Maung Lu Hmwe – The Lonely Valley (Essay)

Maung Lu Hmwe – The Lonely Valley
(MoeMaKa) March 6, 2026

Mountains rise on all four sides. Maung Lu Hmwe sleeps in a small hut beside a rice field. There is no phone signal here. Even internet access is difficult in this remote corner of the world where he now finds himself.

“Our fields,” a young man with an engineering degree from the region tells Maung Lu Hmwe, “were built in the time of our fathers and grandfathers—with buffaloes and their own hands. Some fields took one year to build, some two years, and some even five years. We name them according to how long they took—two-year fields, three-year fields, and so on.”

The valley is surrounded by mountains, making travel difficult and isolating the community from the outside world. Yet despite its remoteness, the place has long been known as “the most educated-producing” area in the region. Ironically, most of those educated individuals rarely stayed in the village. After the military coup, even the remaining educated residents gradually left. The valley was left behind—isolated and alone.

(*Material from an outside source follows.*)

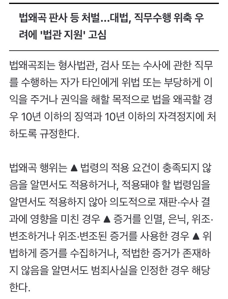 법왜곡을 판사가 판사를 판단하는건데.대놓고 위헌이라 위헌법률심판으로 폐지될거같고, 살아남더라도 판사끼리 암묵적 카르텔이 생겨 유죄판결 나오기는힘들듯
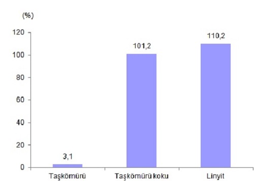 Üretilen katı yakıtların teslimatları karşılama oranı %3,1 ile en düşük taşkömüründe gerçekleşti. Bu oran taşkömürü kokunda %101,2 iken, linyitte %110,2 olarak hesaplandı.

Being a valley, the farmland is not wide and expansive. Instead, the rice paddies climb the slopes in tiers like steps. One field leads to another in narrow succession—some shrinking, some widening, some curving or tapering off. Perfect square fields are almost nonexistent.

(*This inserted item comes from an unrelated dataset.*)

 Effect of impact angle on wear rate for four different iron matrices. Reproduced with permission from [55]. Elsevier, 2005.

“Even these fields—we no longer have enough people to work them all. Some have had to be abandoned,” the young local explains. Many of the valley’s young people and educated residents have left behind the lands their ancestors painstakingly built.

It is the beginning of summer. The fields lie dry, their surfaces cracked and split. The villages in this valley—deprived of those skilled in education and healthcare—feel parched and silent.

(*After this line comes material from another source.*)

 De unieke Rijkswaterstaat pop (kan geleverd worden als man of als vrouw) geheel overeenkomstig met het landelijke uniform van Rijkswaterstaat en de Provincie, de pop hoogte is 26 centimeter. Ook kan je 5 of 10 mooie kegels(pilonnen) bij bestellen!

Yet when the rainy season comes, the remaining villagers plow those cracked fields and plant again. With the limited human resources left, they continue running schools and healthcare services. At the same time, they shoulder the heavy burden that geography and history have placed upon them—the responsibility of resisting military dictatorship.

“We’d like you to speak a few words to our teachers and students,” village officials ask Maung Lu Hmwe.

On the morning of his departure, Maung Lu Hmwe speaks words of encouragement to the children and their teachers. In return, he receives their smiles as gifts. He believes that only education can prevent the lonely valley from remaining lonely—only education can bring it vitality and hope.

He remembers the words of an elder friend: “No matter how famous or accomplished you become in the world, if you do nothing for your homeland, it is all meaningless.” He is heartened to learn that people from this valley, even those living far away, continue to support their homeland as best they can.

What the valley needs most are young people willing to till the fields. It needs teachers to educate its children. It needs healthcare workers to care for the sick. It needs capable leaders who can organize and govern wisely.

Will the young teachers Maung Lu Hmwe met in one of the villages also leave one day? Among the children who laughed so innocently at his jokes, how many will grow up to become educated—and of those, how many will remain in their homeland? And how will policymakers support educated individuals so they can build meaningful careers at home?

Riding his motorcycle along the uneven dirt road—full of dips and ridges—Maung Lu Hmwe reflects on these questions. The answers, he realizes, are what will determine whether this lonely valley can one day become a place that is lonely no more.